[<prev] [next>] [<thread-prev] [day] [month] [year] [list]
Message-ID: <zpc6pbabs5m5snrsfubtl3wp4eb64w4qwqosywp7tsmrfnba3j@ybkgg2cnhqec>
Date: Wed, 11 Jun 2025 16:53:11 +0200
From: Stefano Garzarella <sgarzare@...hat.com>
To: Luigi Leonardi <leonardi@...hat.com>
Cc: Michal Luczaj <mhal@...x.co>, virtualization@...ts.linux.dev,
netdev@...r.kernel.org, linux-kernel@...r.kernel.org, Hyunwoo Kim <v4bel@...ori.io>
Subject: Re: [PATCH net-next v3] vsock/test: Add test for null ptr deref when
transport changes
On Wed, Jun 11, 2025 at 04:07:25PM +0200, Luigi Leonardi wrote:
>Add a new test to ensure that when the transport changes a null pointer
>dereference does not occur. The bug was reported upstream [1] and fixed
>with commit 2cb7c756f605 ("vsock/virtio: discard packets if the
>transport changes").
>
>KASAN: null-ptr-deref in range [0x0000000000000060-0x0000000000000067]
>CPU: 2 UID: 0 PID: 463 Comm: kworker/2:3 Not tainted
>Workqueue: vsock-loopback vsock_loopback_work
>RIP: 0010:vsock_stream_has_data+0x44/0x70
>Call Trace:
> virtio_transport_do_close+0x68/0x1a0
> virtio_transport_recv_pkt+0x1045/0x2ae4
> vsock_loopback_work+0x27d/0x3f0
> process_one_work+0x846/0x1420
> worker_thread+0x5b3/0xf80
> kthread+0x35a/0x700
> ret_from_fork+0x2d/0x70
> ret_from_fork_asm+0x1a/0x30
>
>Note that this test may not fail in a kernel without the fix, but it may
>hang on the client side if it triggers a kernel oops.
>
>This works by creating a socket, trying to connect to a server, and then
>executing a second connect operation on the same socket but to a
>different CID (0). This triggers a transport change. If the connect
>operation is interrupted by a signal, this could cause a null-ptr-deref.
>
>Since this bug is non-deterministic, we need to try several times. It
>is reasonable to assume that the bug will show up within the timeout
>period.
>
>If there is a G2H transport loaded in the system, the bug is not
>triggered and this test will always pass.

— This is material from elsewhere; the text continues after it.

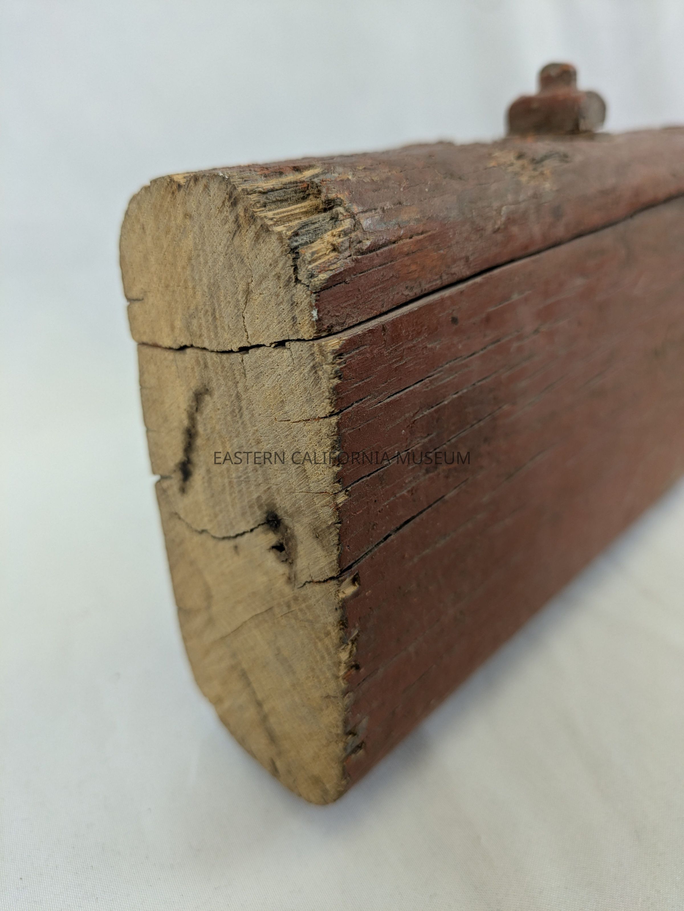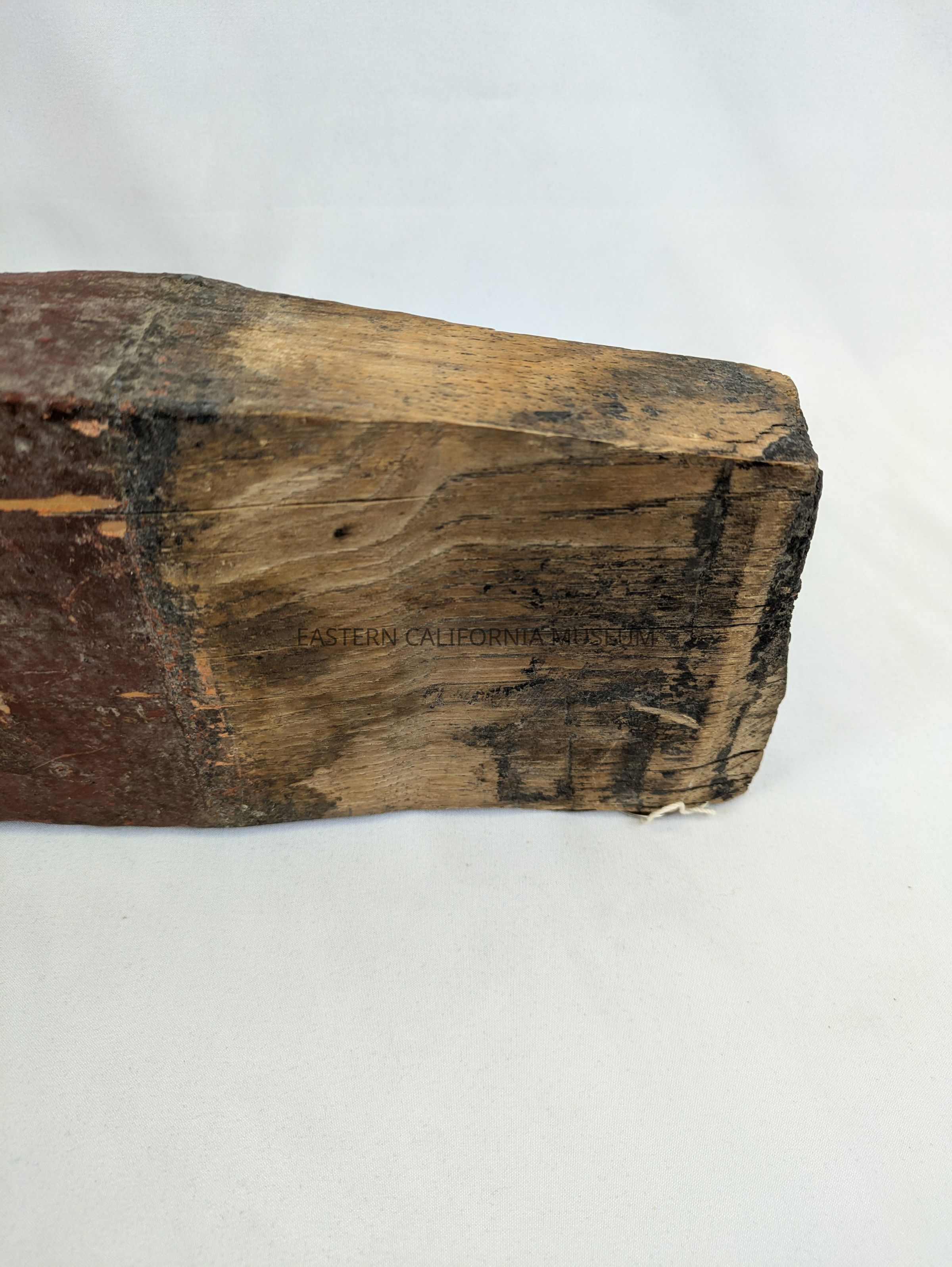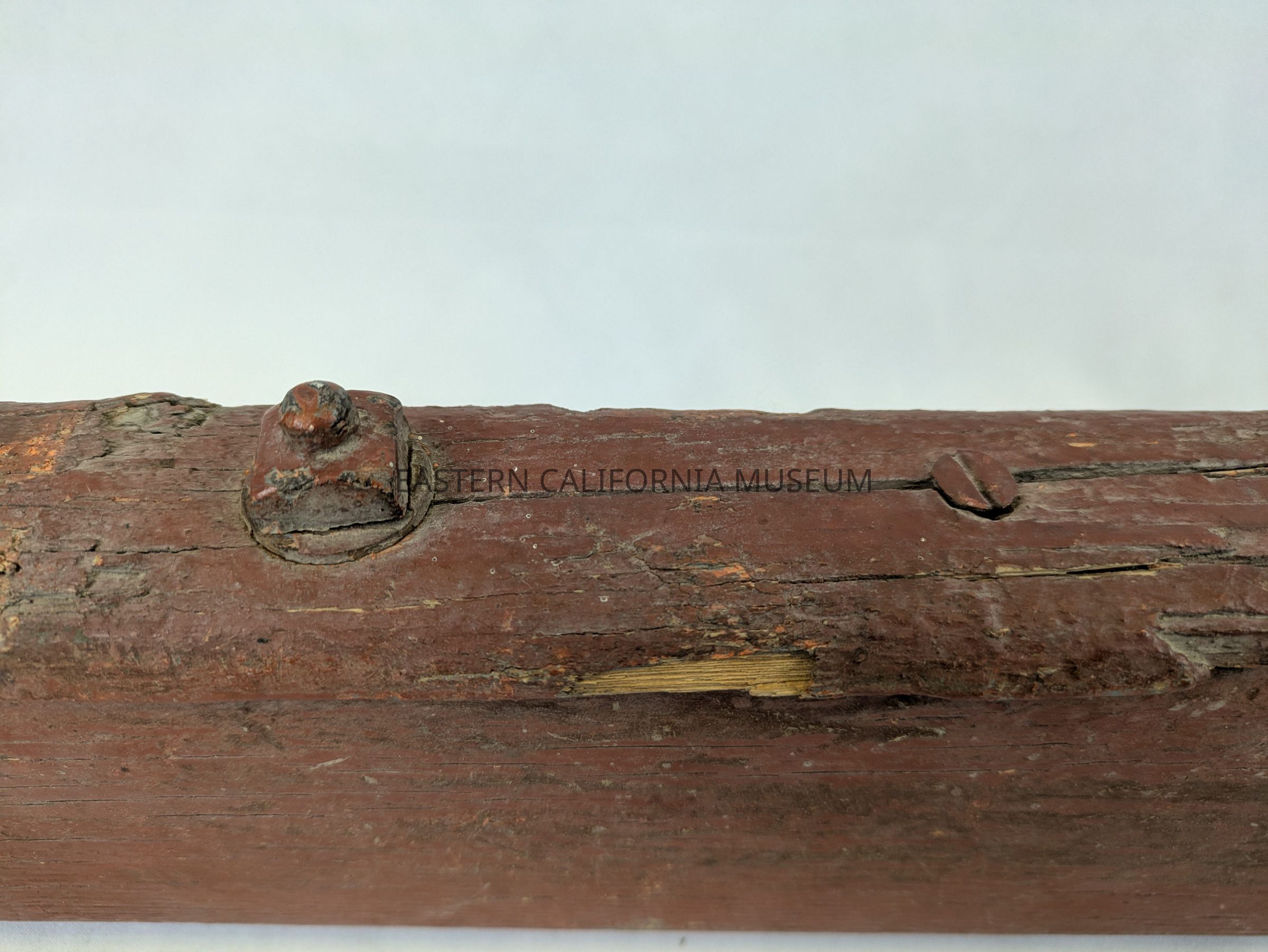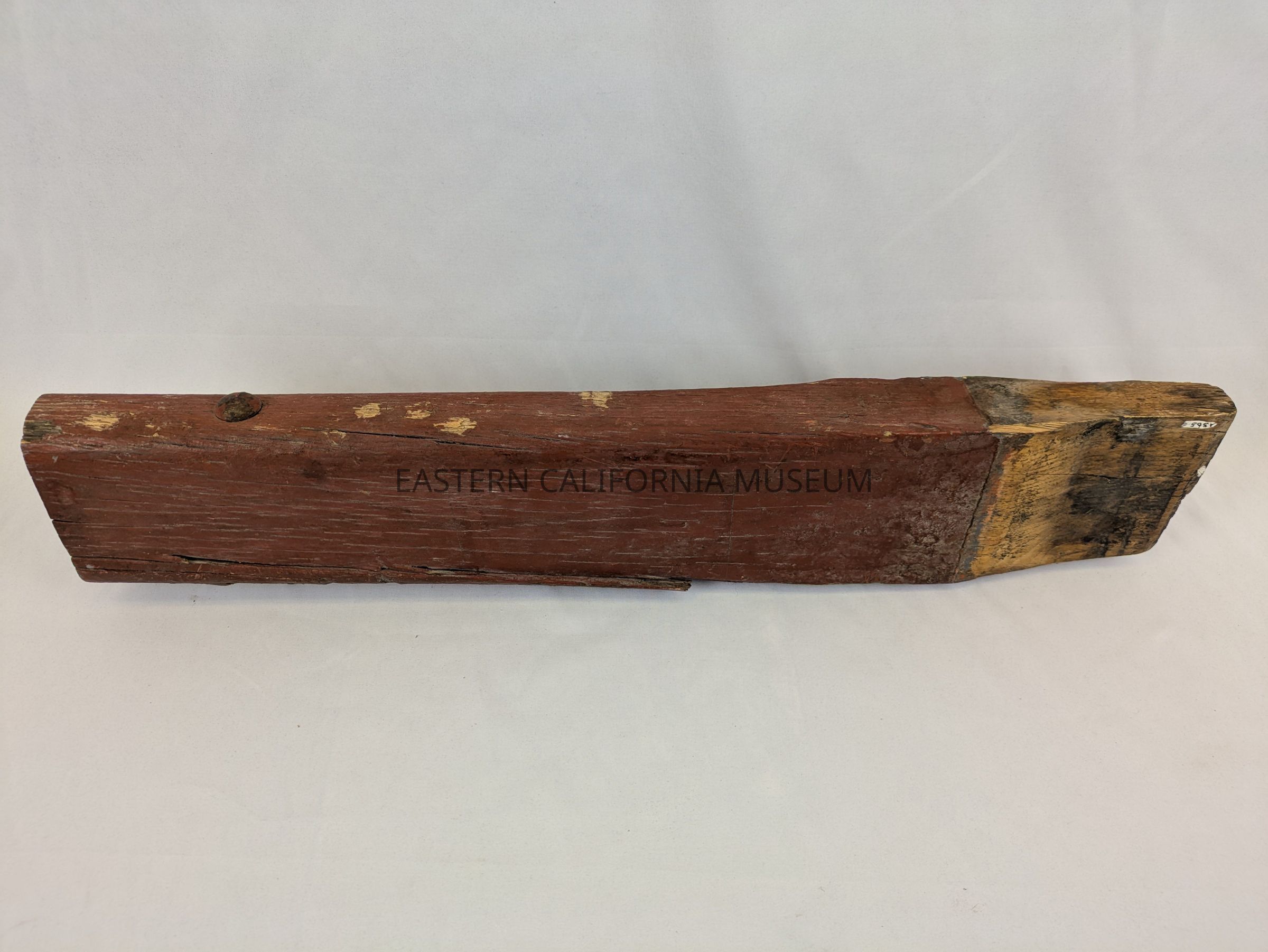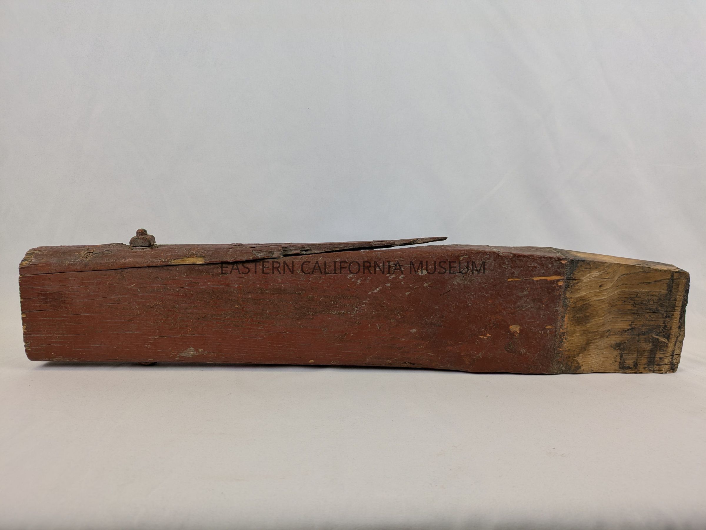 This item has been identified by Ed Hartshorn as part of a spoke from the wheel of the original Twenty Mule Team Borax wagon. It is wood painted red. It tapers at one end, unpainted, where it would fit into either the hub or rim of the wheel. There is a metal bolt, washer, and nut near the opposite end, possibly holding a splinter/fragment of wood together. This end has been sawed off cleanly.Collection
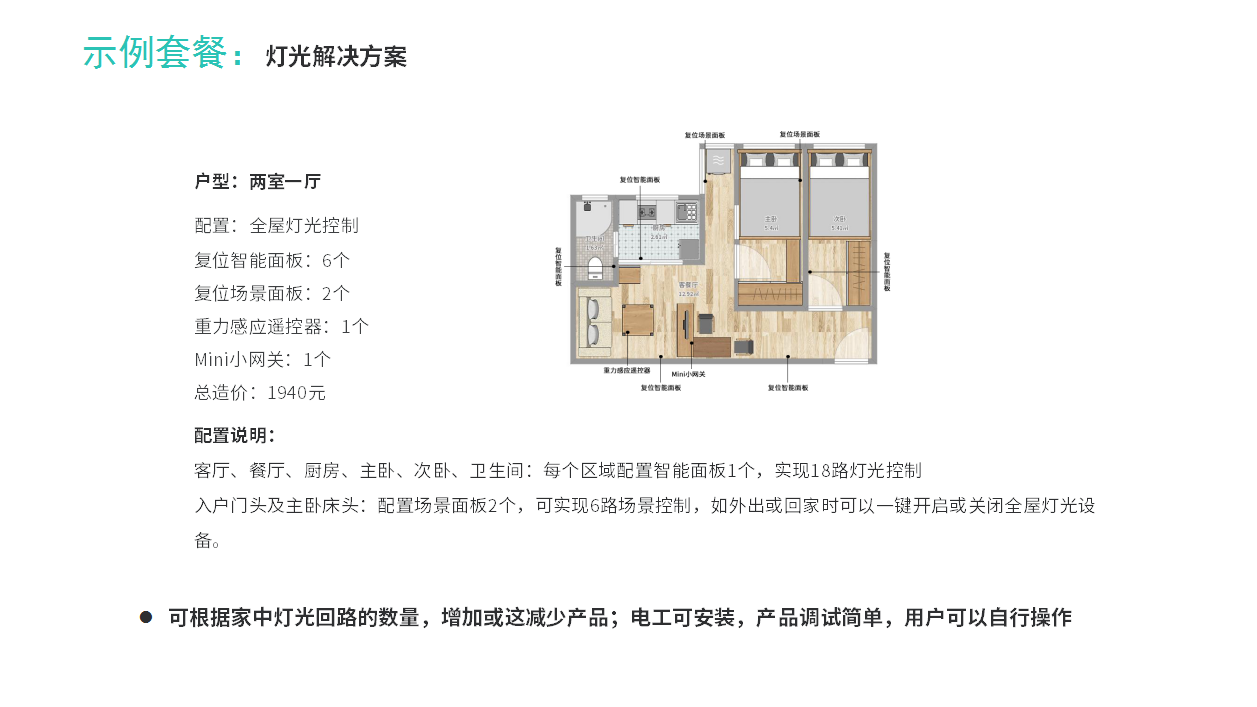 4. 在家电、灯光控制上具有多种控制方式,使用简单,且产品稳定性高,大大降低后期维护量。低成本、简智能的特性,更适合成为房地产商打造智慧社区。

Should we re-use what Michal is doing in
https://lore.kernel.org/virtualization/20250528-vsock-test-inc-cov-v2-0-8f655b40d57c@rbox.co/
to print a warning?
>
>[1]https://lore.kernel.org/netdev/Z2LvdTTQR7dBmPb5@v4bel-B760M-AORUS-ELITE-AX/
>
>Suggested-by: Hyunwoo Kim <v4bel@...ori.io>
>Suggested-by: Michal Luczaj <mhal@...x.co>
>Signed-off-by: Luigi Leonardi <leonardi@...hat.com>
>---
>This series introduces a new test that checks for a null pointer
>dereference that may happen when there is a transport change[1]. This
>bug was fixed in [2].
>
>Note that this test *cannot* fail, it hangs if it triggers a kernel
>oops. The intended use-case is to run it and then check if there is any
>oops in the dmesg.
>
>This test is based on Hyunwoo Kim's[3] and Michal's python
>reproducers[4].
>
>[1]https://lore.kernel.org/netdev/Z2LvdTTQR7dBmPb5@v4bel-B760M-AORUS-ELITE-AX/
>[2]https://lore.kernel.org/netdev/20250110083511.30419-1-sgarzare@redhat.com/
>[3]https://lore.kernel.org/netdev/Z2LvdTTQR7dBmPb5@v4bel-B760M-AORUS-ELITE-AX/#t
>[4]https://lore.kernel.org/netdev/2b3062e3-bdaa-4c94-a3c0-2930595b9670@rbox.co/
>---
>Sorry, this took waaay longer than expected.
>
>Changes in v3:
>Addressed Stefano's and Michal's comments:
> - Added the splat text to the commit commessage.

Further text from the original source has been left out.